Work to be completed =>
This exercise requires an exact output of the listing, images omitted.

Given data =>
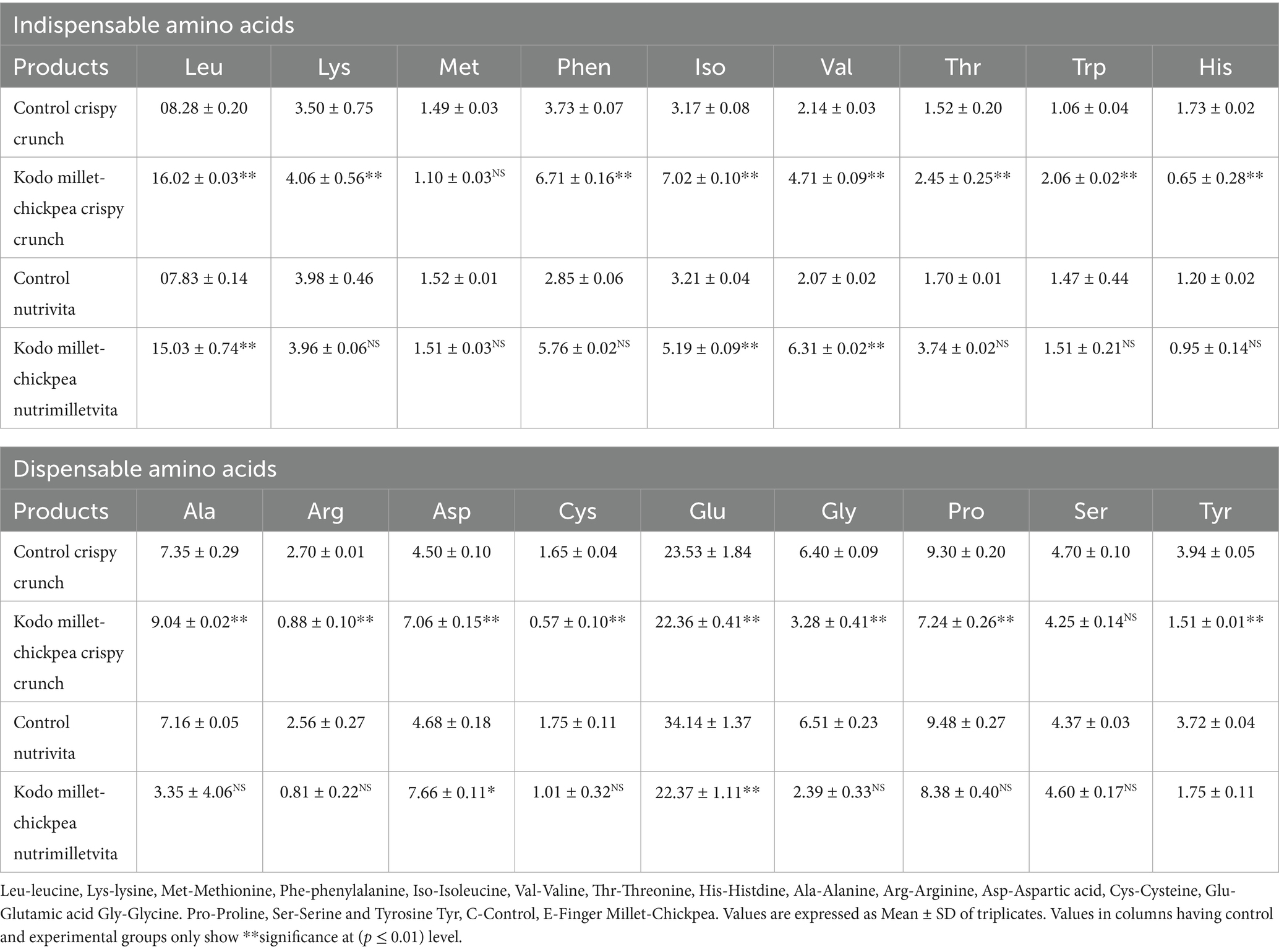 Table 3. Amino acid composition of Kodo millet–chickpea products (g/100 g, dry weight basis).
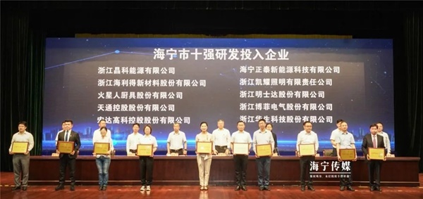 在5月26日舉行的“才聚潮城·科創(chuàng)海寧”2021年海寧市人才科技創(chuàng)新暨高質(zhì)量發(fā)展大會上,宏達高科被評為海寧市十強研發(fā)投入企業(yè)。
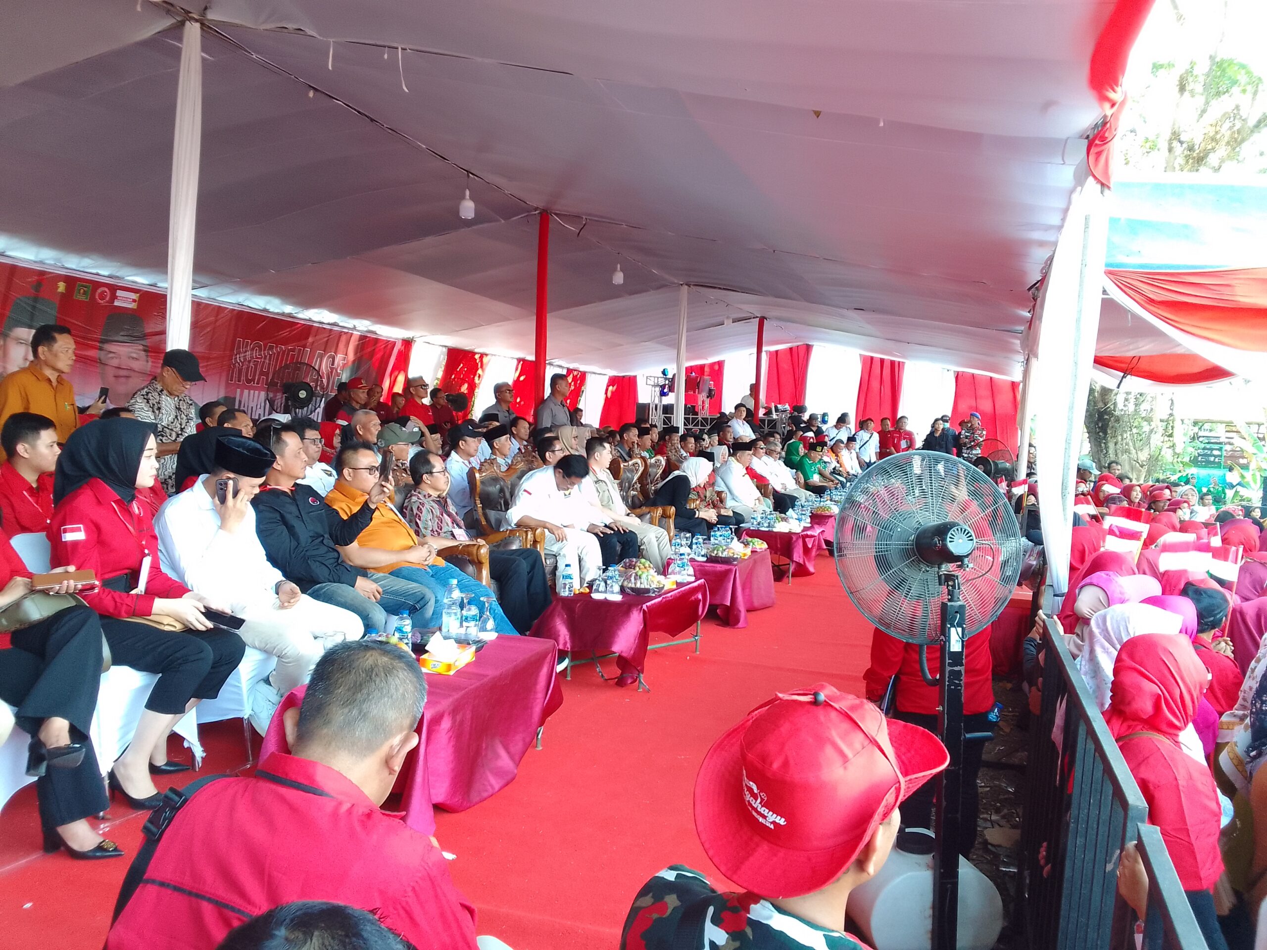 Cabup dan Cawabup YM-BM saat menyampaikan sambutan mengatakanb ahwa tadi yang berpidato Ketua PDI Perjuangan Sumsel dan kembali terpilih menjadi anggota DPR RI.
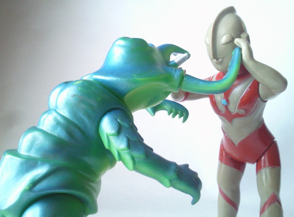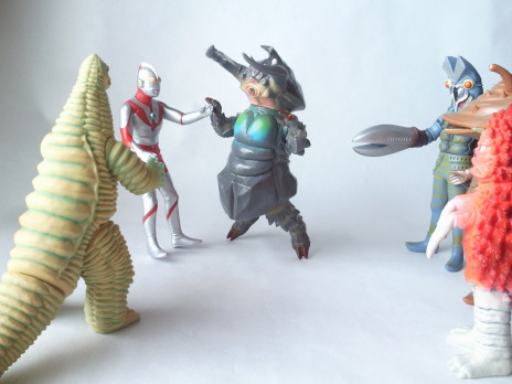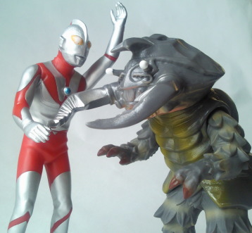 | 前から言おうと思っていたのですが、 僕のウィキペディアを書いて下さった方(方々?)、どうもありがとうございます。 とても嬉しいです。 出来てる事を知ったのは2、3年前ですが、 いまだに、 パソコンの画面に出して記述を眺めては、 幸せだなぁ・・・、 と、感慨深く、美味しいビールを飲んでます(笑)。 ・・・え? どんだけ自分が好きなんだ!? って? ハハハ。 ・・・だってさぁ、 “俳優” っていったって、 べつにそれで食えてるわけではないし、誰も知らないし、 実情は、 サラリーマン生活をドロップアウトしてアルバイトで生計を立てている、ただの冴えないオッサンですからねぇ。 それが “ウィキペディア” て・・・。 しかも、 なんか、めっちゃカッコよく書いてあるし、アレ。 若干の気恥ずかしさはありますけど、 少なくとも、 書いて下さった方は僕を応援して下さっているわけですから、 嬉しいですよ、そりゃあ。 辛い事や悔しい事があっても頑張ろっ、 って気になりますもん。 ありがたい事です、本当に。 どこのどなたか、は存じませんが、 記述内容からして、 この『ソフビ大好き!』を読んで下さっている方だと思いますので、 この場を借りて、熱くお礼を言わせて頂きます。 ってか、 僕についてあんなに詳しく知っているのは、 たぶん『セーラーファイト!』のファンの方か関係者の方だと思うので、 もしかしたら、 どこのどなたか存じているかもしれませんけどね。 だとしたら、誰だろうなぁ・・・??? そういえば、以前、 『セーラーファイト!』の監督である喜井竜児さんに、 「僕のウィキペディア書いてくれたの、もしかして、喜井さん?」 って聞いた事があるのですが、 「なんで俺がそんな面倒くさい事しなかんの?」 と鼻で笑われました。 ごもっとも、でございます(汗)。 親しい知人でも面倒くさいと思うような事なのですから、 やはり、感謝、感謝です。 本当にありがとうございます。 さて、 今回、そんなウィキペディアのお礼のほかに、 もうひとつ、 僕のプロフィールに関して、述べたい事があります。 それは、“誕生日” について。 僕の誕生日は、7月10日。 これ、 特撮の神様・円谷英二さんの、戸籍上の誕生日と同じなンですよね。 この『ソフビ大好き!』でも以前述べましたし、 特撮ファンの人と話す際には、 自慢したり、話のきっかけにしたり、なにかと重宝しているネタなのですが、 先日、 アルバイト先にいる特撮ファンの人から、 「もっと単純に、“ウルトラマンの日” って言った方が、 わかりやすくてカッコいいよ」 とアドバイス(笑)されました。 そうなンですよね。 いつ制定されたのか知りませんけど、 “7月10日” って、“ウルトラマンの日” なンです。 昭和41年の7月17日に 記念すべき第1話が放送された『ウルトラマン』ですが、 実は、 その1週間前の7月10日に、 『ウルトラマン前夜祭 ウルトラマン誕生』という番組が 放送されているンです(まぁ、特撮ファンの方なら御存知でしょうけど・・・)。 番組の内容は、 杉並公会堂で開催されたイベントの公開録画中継で、 ウルトラマンと バルタン星人やレッドキングなどの怪獣軍団、 そして科学特捜隊のメンバーや、なんと円谷英二さんまでもが 舞台に上がって、 次週から始まる新番組『ウルトラマン』のPRをするものでした。 つまり、 テレビ画面に初めてウルトラマンが現れた日、それが7月10日。 ゆえに、 “7月10日” が “ウルトラマンの日” に制定されたというわけなのです。 ・・・いやぁ、嬉しいですよね、これは。 ウルトラマン世代で、 ウルトラマンや怪獣が大好きで、 ウルトラマンや怪獣のオモチャの蒐集に 人生の大半の日々を捧げてしまっている僕の誕生日が、“ウルトラマンの日” だなんて・・・。 もちろん、 ただの偶然ですし、 「だから何なンだ?」 「それがどーした?」 ってツッコミを入れられる事必至の話なンですけど、 やっぱ、嬉しいものですよ。 ・・・あ、 僕のウィキペディア書いて下さった方、 誕生日が “ウルトラマンの日” である、 って記述、 追加しといてくれないかなぁ・・・(笑)。 今回は、 そんなわけで、“ウルトラマンの日” に曰くのある、この怪獣をピックアップ。 |

Output for this task =>
 Table 3. Amino acid composition of Kodo millet–chickpea products (g/100 g, dry weight basis).
 在5月26日舉行的“才聚潮城·科創(chuàng)海寧”2021年海寧市人才科技創(chuàng)新暨高質(zhì)量發(fā)展大會上,宏達高科被評為海寧市十強研發(fā)投入企業(yè)。
 Cabup dan Cawabup YM-BM saat menyampaikan sambutan mengatakanb ahwa tadi yang berpidato Ketua PDI Perjuangan Sumsel dan kembali terpilih menjadi anggota DPR RI.
 | 前から言おうと思っていたのですが、 僕のウィキペディアを書いて下さった方(方々?)、どうもありがとうございます。 とても嬉しいです。 出来てる事を知ったのは2、3年前ですが、 いまだに、 パソコンの画面に出して記述を眺めては、 幸せだなぁ・・・、 と、感慨深く、美味しいビールを飲んでます(笑)。 ・・・え? どんだけ自分が好きなんだ!? って? ハハハ。 ・・・だってさぁ、 “俳優” っていったって、 べつにそれで食えてるわけではないし、誰も知らないし、 実情は、 サラリーマン生活をドロップアウトしてアルバイトで生計を立てている、ただの冴えないオッサンですからねぇ。 それが “ウィキペディア” て・・・。 しかも、 なんか、めっちゃカッコよく書いてあるし、アレ。 若干の気恥ずかしさはありますけど、 少なくとも、 書いて下さった方は僕を応援して下さっているわけですから、 嬉しいですよ、そりゃあ。 辛い事や悔しい事があっても頑張ろっ、 って気になりますもん。 ありがたい事です、本当に。 どこのどなたか、は存じませんが、 記述内容からして、 この『ソフビ大好き!』を読んで下さっている方だと思いますので、 この場を借りて、熱くお礼を言わせて頂きます。 ってか、 僕についてあんなに詳しく知っているのは、 たぶん『セーラーファイト!』のファンの方か関係者の方だと思うので、 もしかしたら、 どこのどなたか存じているかもしれませんけどね。 だとしたら、誰だろうなぁ・・・??? そういえば、以前、 『セーラーファイト!』の監督である喜井竜児さんに、 「僕のウィキペディア書いてくれたの、もしかして、喜井さん?」 って聞いた事があるのですが、 「なんで俺がそんな面倒くさい事しなかんの?」 と鼻で笑われました。 ごもっとも、でございます(汗)。 親しい知人でも面倒くさいと思うような事なのですから、 やはり、感謝、感謝です。 本当にありがとうございます。 さて、 今回、そんなウィキペディアのお礼のほかに、 もうひとつ、 僕のプロフィールに関して、述べたい事があります。 それは、“誕生日” について。 僕の誕生日は、7月10日。 これ、 特撮の神様・円谷英二さんの、戸籍上の誕生日と同じなンですよね。 この『ソフビ大好き!』でも以前述べましたし、 特撮ファンの人と話す際には、 自慢したり、話のきっかけにしたり、なにかと重宝しているネタなのですが、 先日、 アルバイト先にいる特撮ファンの人から、 「もっと単純に、“ウルトラマンの日” って言った方が、 わかりやすくてカッコいいよ」 とアドバイス(笑)されました。 そうなンですよね。 いつ制定されたのか知りませんけど、 “7月10日” って、“ウルトラマンの日” なンです。 昭和41年の7月17日に 記念すべき第1話が放送された『ウルトラマン』ですが、 実は、 その1週間前の7月10日に、 『ウルトラマン前夜祭 ウルトラマン誕生』という番組が 放送されているンです(まぁ、特撮ファンの方なら御存知でしょうけど・・・)。 番組の内容は、 杉並公会堂で開催されたイベントの公開録画中継で、 ウルトラマンと バルタン星人やレッドキングなどの怪獣軍団、 そして科学特捜隊のメンバーや、なんと円谷英二さんまでもが 舞台に上がって、 次週から始まる新番組『ウルトラマン』のPRをするものでした。 つまり、 テレビ画面に初めてウルトラマンが現れた日、それが7月10日。 ゆえに、 “7月10日” が “ウルトラマンの日” に制定されたというわけなのです。 ・・・いやぁ、嬉しいですよね、これは。 ウルトラマン世代で、 ウルトラマンや怪獣が大好きで、 ウルトラマンや怪獣のオモチャの蒐集に 人生の大半の日々を捧げてしまっている僕の誕生日が、“ウルトラマンの日” だなんて・・・。 もちろん、 ただの偶然ですし、 「だから何なンだ?」 「それがどーした?」 ってツッコミを入れられる事必至の話なンですけど、 やっぱ、嬉しいものですよ。 ・・・あ、 僕のウィキペディア書いて下さった方、 誕生日が “ウルトラマンの日” である、 って記述、 追加しといてくれないかなぁ・・・(笑)。 今回は、 そんなわけで、“ウルトラマンの日” に曰くのある、この怪獣をピックアップ。 |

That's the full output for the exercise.